Entries for the 2015 RFID Journal Awards were outstanding, indicating that the RFID industry is maturing rapidly.
By Mark Roberti
Mar 07, 2015

February and March are the busiest months of the year at RFID Journal. That's when we have all of our deadlines for materials for RFID Journal LIVE!, the major conference and exhibition we hold every April. There are a lot of things to produce, including signs, the program guide, the stage and other structures. It's a crazy period—and it's also an exhilarating time. It's when we get to interact most with our readers and the companies selling radio frequency identification hardware, software and services, so we get a chance to take the temperature of the RFID industry.

One way in which we get a sense of what's happening across the industry is reading the RFID Journal Awards submissions. The deployments have been getting better, larger and more sophisticated every year. This year was no exception (see Finalists Unveiled for Ninth Annual RFID Journal Awards).

Take, for example, the finalists in the Best RFID Implementation category. DIRECTV is using RFID to track 200,000 pieces of broadcast equipment, dramatically reducing the amount of time needed to perform inventory counts (see DIRECTV Uses RFID to Cut Inventory Time From Years to Months). And Interstate Batteries has deployed RFID-enabled smart racks at some 2,000 dealer locations to monitor inventory, improve replenishment and reduce fuel costs (see RFID Brings Greater Efficiency, Product Visibility to Interstate Batteries).

In addition, Royal Wolverhampton NHS Trust is using an active RFID-based real-time location system to track assets, as well as patient and staff interactions with those items, in order to reduce the spread of infection. The firm is also employing the system to monitor hand-hygiene compliance, improve bed turnover rates and alert personnel if certain situations arrise, such as a patient leaving the building (see New Cross Hospital Boosts Hand Hygiene, Efficiency via RTLS).

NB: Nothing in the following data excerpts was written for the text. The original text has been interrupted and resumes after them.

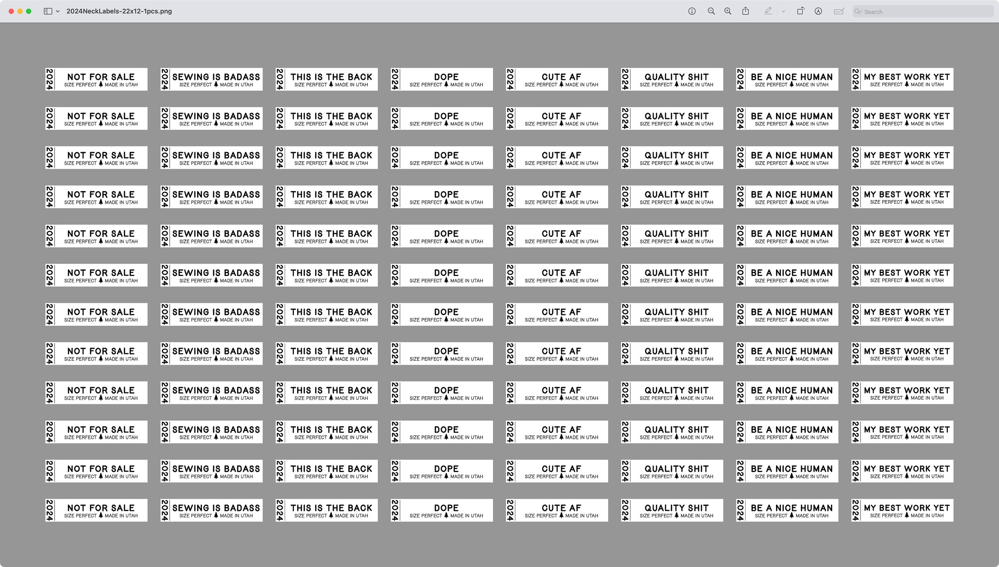 This year’s labels are 2-1/4″ wide by 1/2″ tall. I have 8 different versions and 12 copies each for 96 labels for the year. More than I need, but that’s OK. I plan to share the extra with friends. Click the button below, which will open a tab to Gumroad where you can download the Adobe Illustrator file:
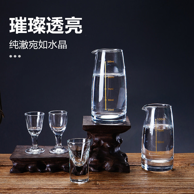 亚克力架白酒杯套装 六壶六杯白酒分酒器一口杯酒具无铅玻璃金刻度
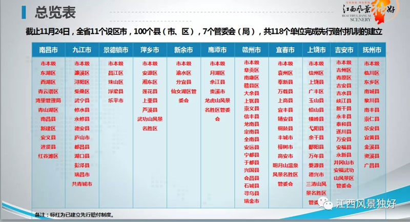 一年來,省政府及省文化和旅游廳等部門高度重視條例貫徹落實(shí)工作,先后成立了宣傳貫徹工作領(lǐng)導(dǎo)小組,及時(shí)下發(fā)了《宣傳貫徹〈江西省旅游者權(quán)益保護(hù)條例〉實(shí)施方案》,組織出版了《江西省旅游者權(quán)益保護(hù)條例釋義》,開展了“百萬網(wǎng)民學(xué)法律”江西省旅游者權(quán)益保護(hù)條例專場(chǎng)知識(shí)競(jìng)賽活動(dòng),近32萬人次參與網(wǎng)絡(luò)答題,形成了較好的宣傳輿論氛圍。同時(shí),各地對(duì)條例中先行賠付等重點(diǎn)創(chuàng)新條款進(jìn)行了及時(shí)落實(shí),如上饒市設(shè)立了總額1000萬元優(yōu)質(zhì)旅游誠(chéng)信理賠基金,鷹潭市在全省率先升格組建了副縣級(jí)旅游綜合執(zhí)法支隊(duì)等。截止11月24日,我省11個(gè)設(shè)區(qū)市本級(jí)、100個(gè)縣(市、區(qū))、7個(gè)管委會(huì)(局)全部建立了先行賠付制度(見圖一)。其中,7月-11月的每月建立比例逐月攀升(見圖二)。
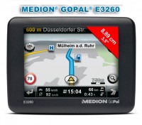 Das MEDION GoPal E3260 ist ab Donnerstag, den 29.03.2012, in allen ALDI Süd Geschäften für günstige 89,99 EUR mit einem Gutschein für ein einmaliges Kartenupdate (einlösbar innerhalb von 24 Monaten) erhältlich. Im Lieferumfang befinden sich eine DVD mit Karten und Software, eine Autohalterung mit Saugnapf, ein USB-Synchronisations-/Ladekabel und ein 12V/24V Autoladekabel mit integrierter TMC-Antenne.
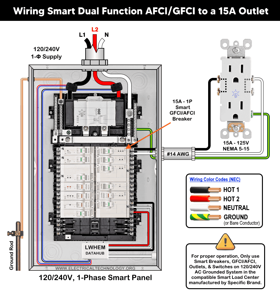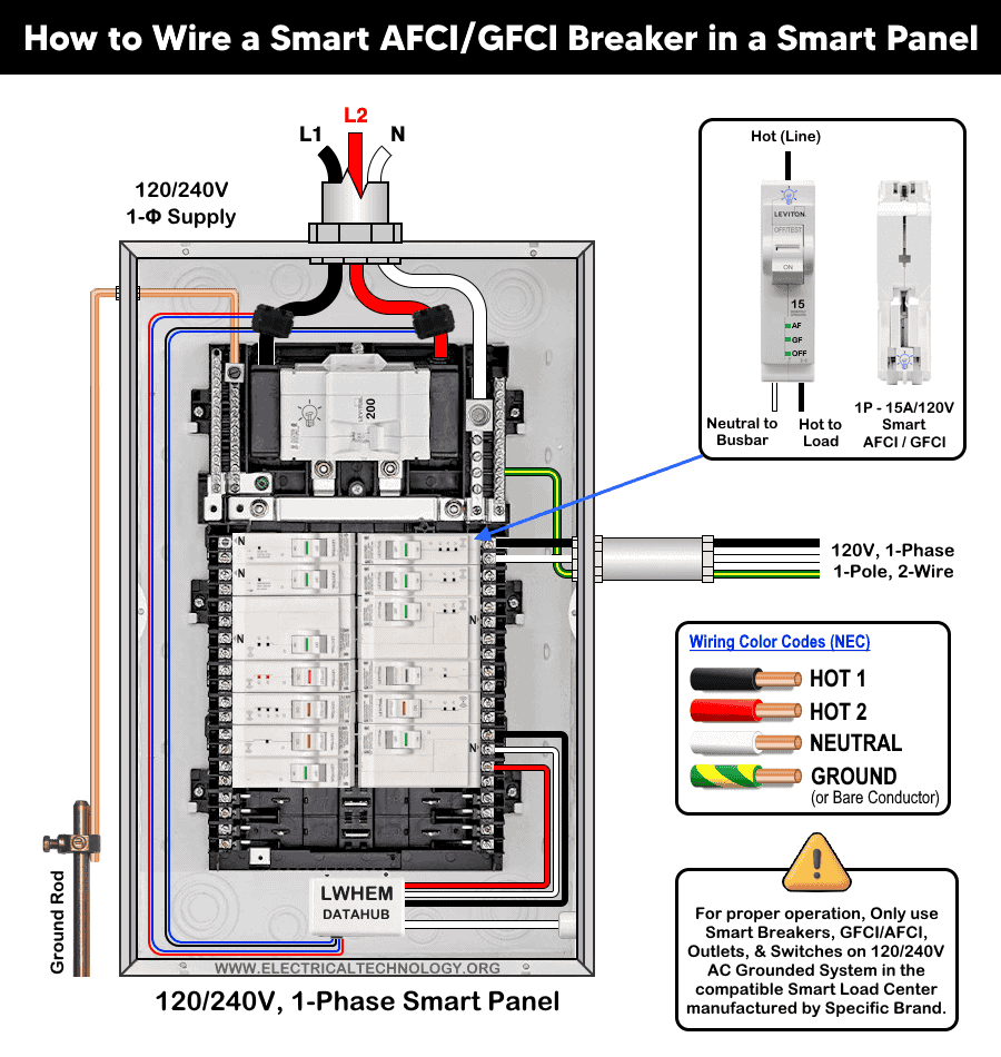 How to Wire Combination of Smart AFCI/GFCI Breakers in a 120/240V Smart Electric Panel
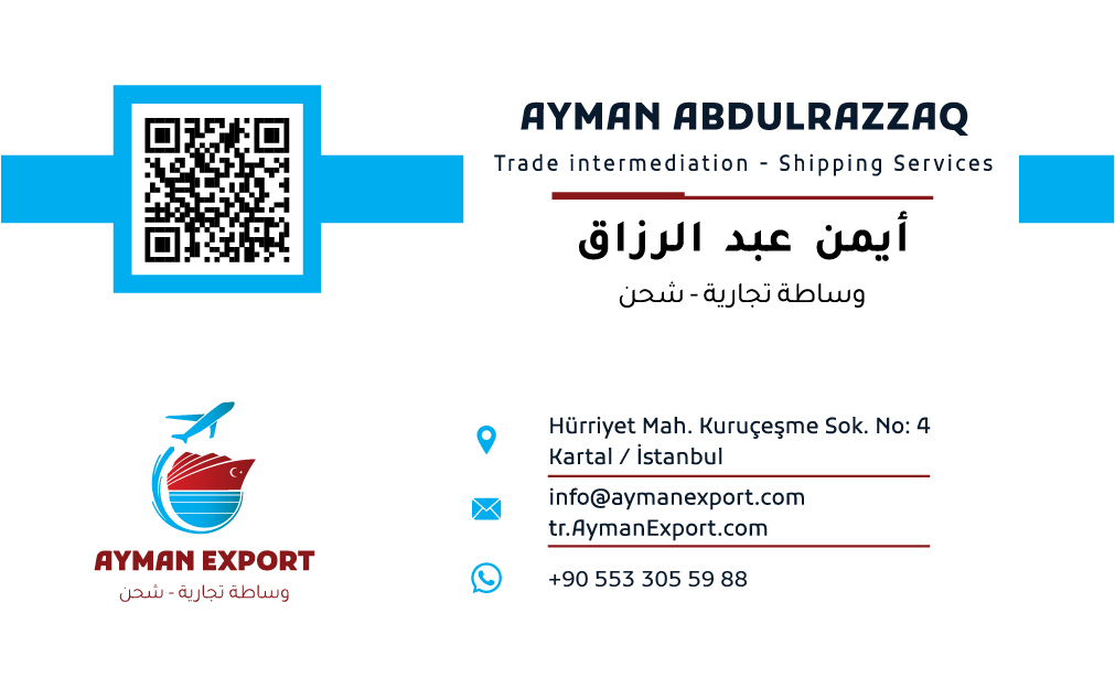 تصميم كرت فيزيت بوجهين لشركة AymanExport في مدينة اسطنبول – تركيا.
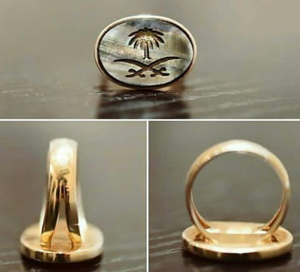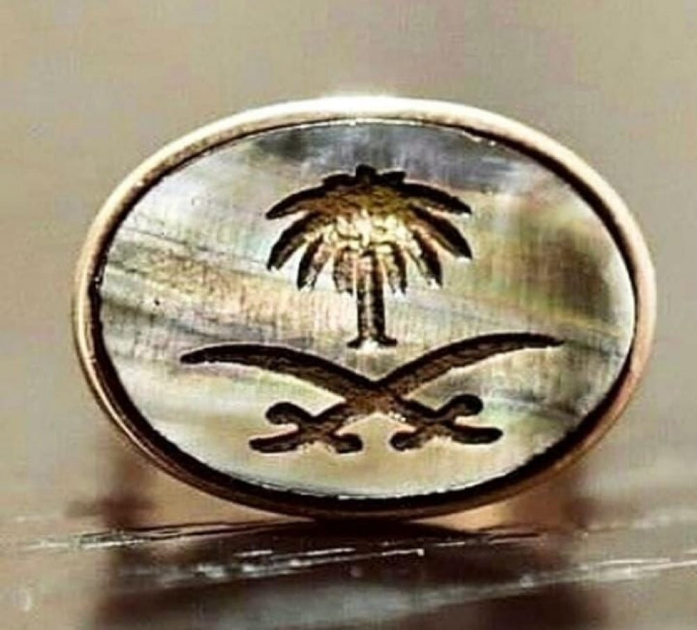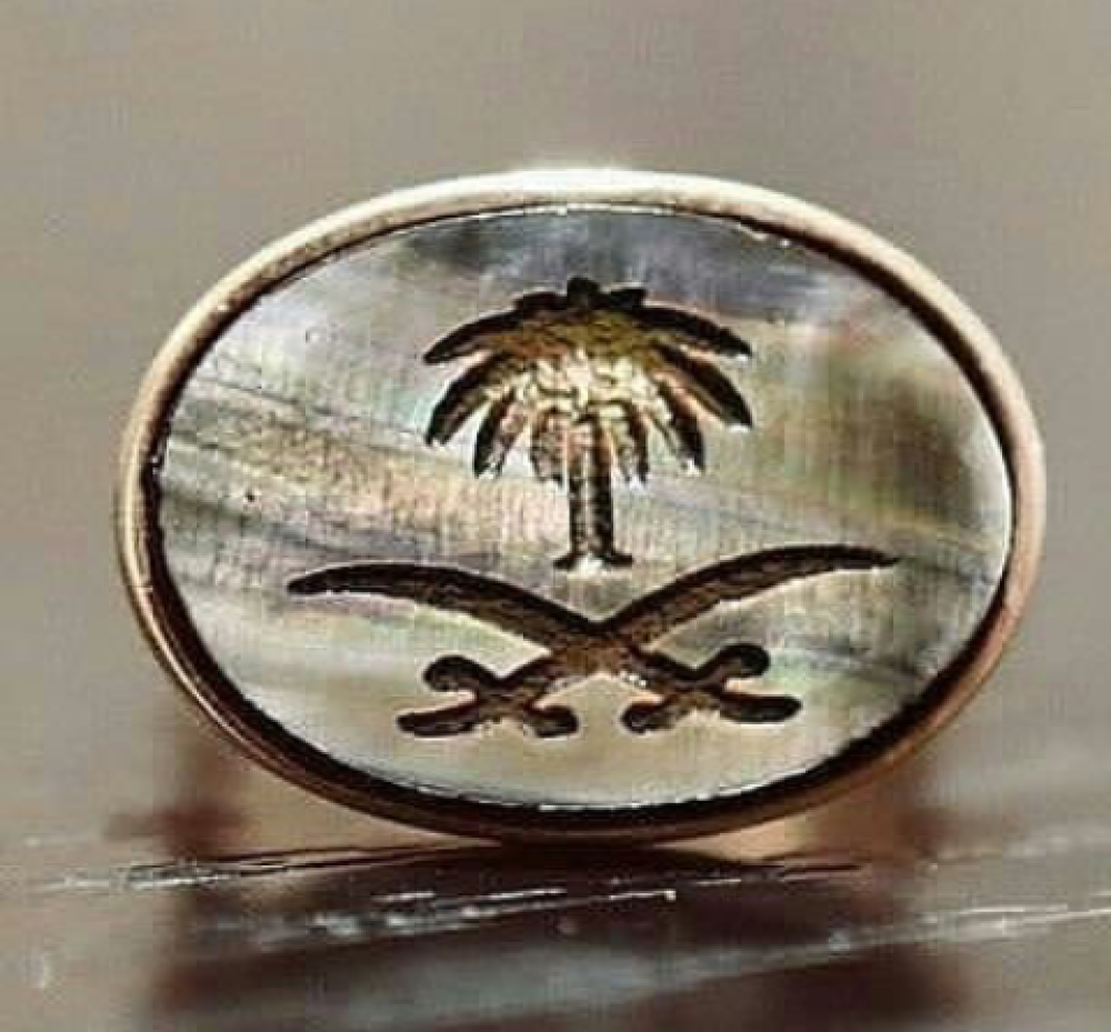 خاتم سيفين ونخلة مع حجر صدفي

If you think RFID is still a relatively unproven technology, you should check out the finalists in the Best Use of RFID to Enhance a Product or Service category. Clarisonic, owned by L'Oreal, has embedded Near Field Communication (NFC) technology in the handle of its Smart Profile skin-cleansing device to interrogate the attached brush and set up specific treatment protocols dependent on brush type. This is one of the first examples of RFID being added to a popular consumer product to enhance that product.

Kuehne+Nagel, also a finalist in the Best Use category, is employing active RFID temperature sensors to monitor pharmaceutical and health-care products during intercontinental transportation. It offers the service to any customer shipping temperature-sensitive products. And RSH Energy is using RFID to enhance pipeline construction by identifying sections of pipe, their unique characteristics and their GPS location.